++++ PROVIDED INFORMATION

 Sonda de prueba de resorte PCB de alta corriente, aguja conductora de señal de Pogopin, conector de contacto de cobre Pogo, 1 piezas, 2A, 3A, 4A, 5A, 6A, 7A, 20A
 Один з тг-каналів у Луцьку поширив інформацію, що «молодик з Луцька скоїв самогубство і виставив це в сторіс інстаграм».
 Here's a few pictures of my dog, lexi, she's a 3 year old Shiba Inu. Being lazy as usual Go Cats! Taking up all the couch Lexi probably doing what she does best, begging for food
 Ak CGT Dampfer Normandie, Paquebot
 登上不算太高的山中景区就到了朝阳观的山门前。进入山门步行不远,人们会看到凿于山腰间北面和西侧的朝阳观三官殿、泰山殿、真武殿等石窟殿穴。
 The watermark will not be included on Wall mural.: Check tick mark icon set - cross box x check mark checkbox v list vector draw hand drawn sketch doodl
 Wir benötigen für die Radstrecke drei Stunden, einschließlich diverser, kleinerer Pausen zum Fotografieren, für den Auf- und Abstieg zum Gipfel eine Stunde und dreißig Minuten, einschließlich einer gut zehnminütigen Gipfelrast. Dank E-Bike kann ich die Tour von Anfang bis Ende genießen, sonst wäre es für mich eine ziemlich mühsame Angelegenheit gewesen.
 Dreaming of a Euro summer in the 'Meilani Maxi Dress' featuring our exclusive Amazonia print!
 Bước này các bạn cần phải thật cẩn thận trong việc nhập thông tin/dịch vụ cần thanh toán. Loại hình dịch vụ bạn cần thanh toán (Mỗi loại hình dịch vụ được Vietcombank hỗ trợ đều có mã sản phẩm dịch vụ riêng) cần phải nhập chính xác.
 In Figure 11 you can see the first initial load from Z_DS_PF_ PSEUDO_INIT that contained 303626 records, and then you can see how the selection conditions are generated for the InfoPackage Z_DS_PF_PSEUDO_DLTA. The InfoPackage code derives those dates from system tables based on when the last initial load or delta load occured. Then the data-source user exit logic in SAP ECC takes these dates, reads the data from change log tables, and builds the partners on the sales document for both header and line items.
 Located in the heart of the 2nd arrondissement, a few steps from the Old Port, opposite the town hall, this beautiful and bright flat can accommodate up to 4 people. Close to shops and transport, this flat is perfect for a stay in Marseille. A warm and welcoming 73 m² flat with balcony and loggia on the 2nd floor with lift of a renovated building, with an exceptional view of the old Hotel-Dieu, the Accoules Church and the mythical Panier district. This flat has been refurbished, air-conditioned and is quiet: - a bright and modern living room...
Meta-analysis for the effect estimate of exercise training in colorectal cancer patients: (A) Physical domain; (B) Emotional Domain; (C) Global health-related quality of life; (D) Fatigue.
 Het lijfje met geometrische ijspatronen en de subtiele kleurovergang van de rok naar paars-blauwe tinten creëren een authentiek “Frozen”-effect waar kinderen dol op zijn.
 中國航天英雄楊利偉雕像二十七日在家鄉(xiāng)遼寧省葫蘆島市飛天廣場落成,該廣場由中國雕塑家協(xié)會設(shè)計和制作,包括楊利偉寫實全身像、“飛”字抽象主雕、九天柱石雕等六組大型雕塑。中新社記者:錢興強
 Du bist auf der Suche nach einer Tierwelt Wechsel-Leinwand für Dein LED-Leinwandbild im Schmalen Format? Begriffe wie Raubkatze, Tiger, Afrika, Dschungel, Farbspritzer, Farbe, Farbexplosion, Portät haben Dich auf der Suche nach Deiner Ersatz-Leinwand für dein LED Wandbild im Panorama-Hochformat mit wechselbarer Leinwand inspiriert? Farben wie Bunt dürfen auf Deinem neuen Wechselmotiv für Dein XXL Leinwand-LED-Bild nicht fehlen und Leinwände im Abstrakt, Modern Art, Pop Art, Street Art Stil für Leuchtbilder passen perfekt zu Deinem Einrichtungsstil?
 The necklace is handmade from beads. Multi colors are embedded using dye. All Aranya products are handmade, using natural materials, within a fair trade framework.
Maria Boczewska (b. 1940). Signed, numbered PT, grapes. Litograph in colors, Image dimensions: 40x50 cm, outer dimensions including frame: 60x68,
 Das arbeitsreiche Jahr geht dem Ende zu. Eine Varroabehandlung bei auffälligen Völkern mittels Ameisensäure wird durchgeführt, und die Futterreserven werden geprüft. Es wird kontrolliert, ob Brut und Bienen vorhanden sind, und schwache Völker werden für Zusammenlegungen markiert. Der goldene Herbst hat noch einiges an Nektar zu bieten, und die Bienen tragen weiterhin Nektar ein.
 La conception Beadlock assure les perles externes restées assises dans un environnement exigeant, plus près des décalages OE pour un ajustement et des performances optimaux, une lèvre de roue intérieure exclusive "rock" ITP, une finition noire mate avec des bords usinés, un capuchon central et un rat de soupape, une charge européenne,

++++++++

• [BRIEF]
Would you transcribe every entry exactly?

• [ANSWER]
 Sonda de prueba de resorte PCB de alta corriente, aguja conductora de señal de Pogopin, conector de contacto de cobre Pogo, 1 piezas, 2A, 3A, 4A, 5A, 6A, 7A, 20A
 Один з тг-каналів у Луцьку поширив інформацію, що «молодик з Луцька скоїв самогубство і виставив це в сторіс інстаграм».
 Here's a few pictures of my dog, lexi, she's a 3 year old Shiba Inu. Being lazy as usual Go Cats! Taking up all the couch Lexi probably doing what she does best, begging for food
 Ak CGT Dampfer Normandie, Paquebot
 登上不算太高的山中景区就到了朝阳观的山门前。进入山门步行不远,人们会看到凿于山腰间北面和西侧的朝阳观三官殿、泰山殿、真武殿等石窟殿穴。
 The watermark will not be included on Wall mural.: Check tick mark icon set - cross box x check mark checkbox v list vector draw hand drawn sketch doodl
 Wir benötigen für die Radstrecke drei Stunden, einschließlich diverser, kleinerer Pausen zum Fotografieren, für den Auf- und Abstieg zum Gipfel eine Stunde und dreißig Minuten, einschließlich einer gut zehnminütigen Gipfelrast. Dank E-Bike kann ich die Tour von Anfang bis Ende genießen, sonst wäre es für mich eine ziemlich mühsame Angelegenheit gewesen.
 Dreaming of a Euro summer in the 'Meilani Maxi Dress' featuring our exclusive Amazonia print!
 Bước này các bạn cần phải thật cẩn thận trong việc nhập thông tin/dịch vụ cần thanh toán. Loại hình dịch vụ bạn cần thanh toán (Mỗi loại hình dịch vụ được Vietcombank hỗ trợ đều có mã sản phẩm dịch vụ riêng) cần phải nhập chính xác.
 In Figure 11 you can see the first initial load from Z_DS_PF_ PSEUDO_INIT that contained 303626 records, and then you can see how the selection conditions are generated for the InfoPackage Z_DS_PF_PSEUDO_DLTA. The InfoPackage code derives those dates from system tables based on when the last initial load or delta load occured. Then the data-source user exit logic in SAP ECC takes these dates, reads the data from change log tables, and builds the partners on the sales document for both header and line items.
 Located in the heart of the 2nd arrondissement, a few steps from the Old Port, opposite the town hall, this beautiful and bright flat can accommodate up to 4 people. Close to shops and transport, this flat is perfect for a stay in Marseille. A warm and welcoming 73 m² flat with balcony and loggia on the 2nd floor with lift of a renovated building, with an exceptional view of the old Hotel-Dieu, the Accoules Church and the mythical Panier district. This flat has been refurbished, air-conditioned and is quiet: - a bright and modern living room...
Meta-analysis for the effect estimate of exercise training in colorectal cancer patients: (A) Physical domain; (B) Emotional Domain; (C) Global health-related quality of life; (D) Fatigue.
 Het lijfje met geometrische ijspatronen en de subtiele kleurovergang van de rok naar paars-blauwe tinten creëren een authentiek “Frozen”-effect waar kinderen dol op zijn.
 中國航天英雄楊利偉雕像二十七日在家鄉(xiāng)遼寧省葫蘆島市飛天廣場落成,該廣場由中國雕塑家協(xié)會設(shè)計和制作,包括楊利偉寫實全身像、“飛”字抽象主雕、九天柱石雕等六組大型雕塑。中新社記者:錢興強
 Du bist auf der Suche nach einer Tierwelt Wechsel-Leinwand für Dein LED-Leinwandbild im Schmalen Format? Begriffe wie Raubkatze, Tiger, Afrika, Dschungel, Farbspritzer, Farbe, Farbexplosion, Portät haben Dich auf der Suche nach Deiner Ersatz-Leinwand für dein LED Wandbild im Panorama-Hochformat mit wechselbarer Leinwand inspiriert? Farben wie Bunt dürfen auf Deinem neuen Wechselmotiv für Dein XXL Leinwand-LED-Bild nicht fehlen und Leinwände im Abstrakt, Modern Art, Pop Art, Street Art Stil für Leuchtbilder passen perfekt zu Deinem Einrichtungsstil?
 The necklace is handmade from beads. Multi colors are embedded using dye. All Aranya products are handmade, using natural materials, within a fair trade framework.
Maria Boczewska (b. 1940). Signed, numbered PT, grapes. Litograph in colors, Image dimensions: 40x50 cm, outer dimensions including frame: 60x68,
 Das arbeitsreiche Jahr geht dem Ende zu. Eine Varroabehandlung bei auffälligen Völkern mittels Ameisensäure wird durchgeführt, und die Futterreserven werden geprüft. Es wird kontrolliert, ob Brut und Bienen vorhanden sind, und schwache Völker werden für Zusammenlegungen markiert. Der goldene Herbst hat noch einiges an Nektar zu bieten, und die Bienen tragen weiterhin Nektar ein.
 La conception Beadlock assure les perles externes restées assises dans un environnement exigeant, plus près des décalages OE pour un ajustement et des performances optimaux, une lèvre de roue intérieure exclusive "rock" ITP, une finition noire mate avec des bords usinés, un capuchon central et un rat de soupape, une charge européenne,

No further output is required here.